The roads less taken

“Road to Colossus”

Colossus of Roads appears where he’s most recognized—near a train.

Colossus of Roads appears where he’s most recognized—near a train.

“We’re on the second day and about 150 miles out. Last night we camped at an abandoned store with no ceiling in Fallon,” Eric Burke wrote in his May 18 blog entry.

Armed with a Nevada Arts Council grant, digital and super-8 cameras and not much else, Burke, 26, and his friend Derek Yost, 24, hit the road to shoot video footage of legendary train-car graffiti artist Colossus of Roads. The two University of Nevada, Reno art students left town by bicycle May 16, heading for Gurdon, Ark., and returned June 5 with mission accomplished. Or at least begun.

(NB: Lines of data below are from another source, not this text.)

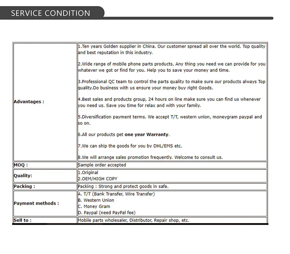Внимание: Пожалуйста, не устанавливайте продукт сразу после получения товара. Пожалуйста, сначала проверьте продукт, и если есть проблема, свяжитесь с продавцом вовремя. Если покупатель уже установил товар после отзывы, продавец не возьмет на себя ответственность за товар. Когда вы делаете заказ, если вы можете «Добавить в корзину» или «Добавить в список желаний» или «следовать» нам, ваш заказ будет отправлен быстрее. 1. Пожалуйста, свяжитесь с нами, если вы хотите крупные заказы, мы можем дать вам скидку. 2. Мы можем помочь вам найти нужные вам товары на оптовом рынке, и, пожалуйста, отправьте нам подробный список.
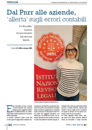Nel numero di maggio-agosto del periodico GENTE IN MOVIMENTO un lungo ed esaustivo articolo con le osservazioni della consigliera nazionale dell’INRL, Camilla Rubega, sugli alert per gli errori contabili dal Pnrr alle aziende.
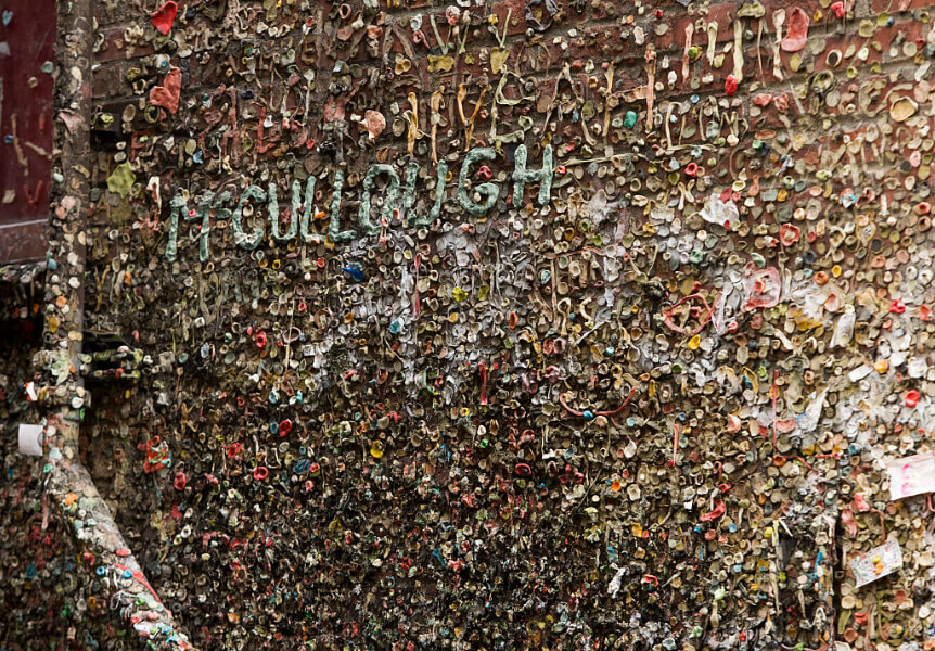 The Market Theater Gum Wall is covered several inches thick, and is 15 feet high, extending 50 feet.

The plan was to examine Colossus’ prolific marks as a way to think socially about graffiti’s art-historical and anthropological roles, with Yost, who makes graffiti-inspired paintings available as a consultant on the medium.

The backup plan was to stay prepared for surprises, whether they involve the trip itself or a shift in creative intent.

“We will edit to create a documentary of artists on a journey to discover, or not discover, who is Colossus of Roads,” reads Burke’s grant proposal.

Flexibility turned out to be a necessity. After Yost hurt his knee in Oklahoma and had his camera stolen, the bike ride became a trip made partially by Greyhound, train and, eventually, a Dodge van borrowed from Colossus’ son, Blake.

Burke and Yost slept wherever they landed—"On the side of forgotten highways and in oversized Victorian houses,” wrote Burke, in a June 3 e-mail from Boulder, Colo.—but they didn’t stray too far from connectivity to keep their blog current with posts about the trip (www.roadtocolossus.com).

Burke had mused before the journey that he could imagine a successful documentary about a fruitless search in the event that Colossus couldn’t be tracked down. But Colossus proved to be an approachable and fascinating source. Train-car graffiti is as old as the rails the painted cars ride on, and the art-school graduate and long-time Missouri Pacific Railroad worker, now 61, has been defying expectations since he started using the rolling, industrial canvasses decades ago.

“Everyone has their own ideas about what graffiti is, and usually it involves a spray can,” says Burke, after a day back in Reno. “But things he’s dealing with involve, like, postal graffiti … sending random people letters. Because graffiti is about subverting the public space. And getting something in your mailbox is … [using] the public space.”

Colossus, also known as Russell Butler, has several other projects in the works, like filling two old cars on his property with keys that people send in the mail. One of his most notable earlier efforts involved marking train cars without paint.

“Some of the really interesting graffiti he was doing early on,” Burke explained, “had to do with not even using anything that was visible.” Colossus would spray chemicals onto the cars through stencils he’d cut (one in the shape of a likeness of Pablo Picasso) that would later cause an image to appear in rust or in the surface of the paint.

Colossus’ main motivation in dreaming up these acts of poetic vandalism, says Burke, was simply “To kill the humdrum dullness of every day.”

As for the latest iteration of Burke’s motivation, the eventual documentary could still take one of several forms. It could even morph into fiction.

But, for the moment, Burke plans to mull it over.

“I have no impulse to solidify how the remainder will unravel.”